- _Assigned task_:
With every picture left out, restate the listing below exactly as written.

- _Dataset section_:

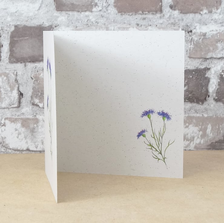 My eco friendly blank wildflower card has been printed with my Cornflower illustration on to 100% recycled oatmeal finish style 320g card, which has lovely naturally occurring flecks as shown in photographs above.
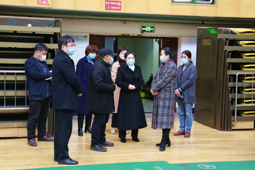 何晶一行先后实地走访查看了学校西区体育馆、中区音乐厅及东区图书馆等地。在实地走访过程中,检查组听取了万象城党委书记陈桂芝,校长、党委副书记董玉庭关于学校近期疫情防控措施落实和应对突发情况预案等情况的介绍,深入了解了万象城应急处置预案、防疫物资储备、餐饮服务安全、隔离观察区设置、快递日常防疫消杀、学生自我防护知识普及等情况,并对万象城疫情防控工作提出了指导意见。
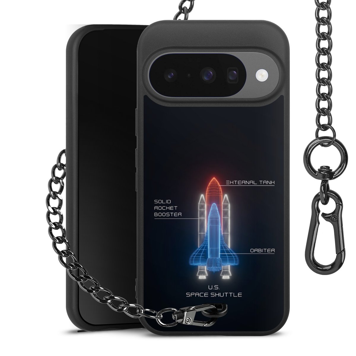 • Mattschwarze Handyhülle mit Metallkette

- _Solution below_:
 My eco friendly blank wildflower card has been printed with my Cornflower illustration on to 100% recycled oatmeal finish style 320g card, which has lovely naturally occurring flecks as shown in photographs above.
 何晶一行先后实地走访查看了学校西区体育馆、中区音乐厅及东区图书馆等地。在实地走访过程中,检查组听取了万象城党委书记陈桂芝,校长、党委副书记董玉庭关于学校近期疫情防控措施落实和应对突发情况预案等情况的介绍,深入了解了万象城应急处置预案、防疫物资储备、餐饮服务安全、隔离观察区设置、快递日常防疫消杀、学生自我防护知识普及等情况,并对万象城疫情防控工作提出了指导意见。
 • Mattschwarze Handyhülle mit Metallkette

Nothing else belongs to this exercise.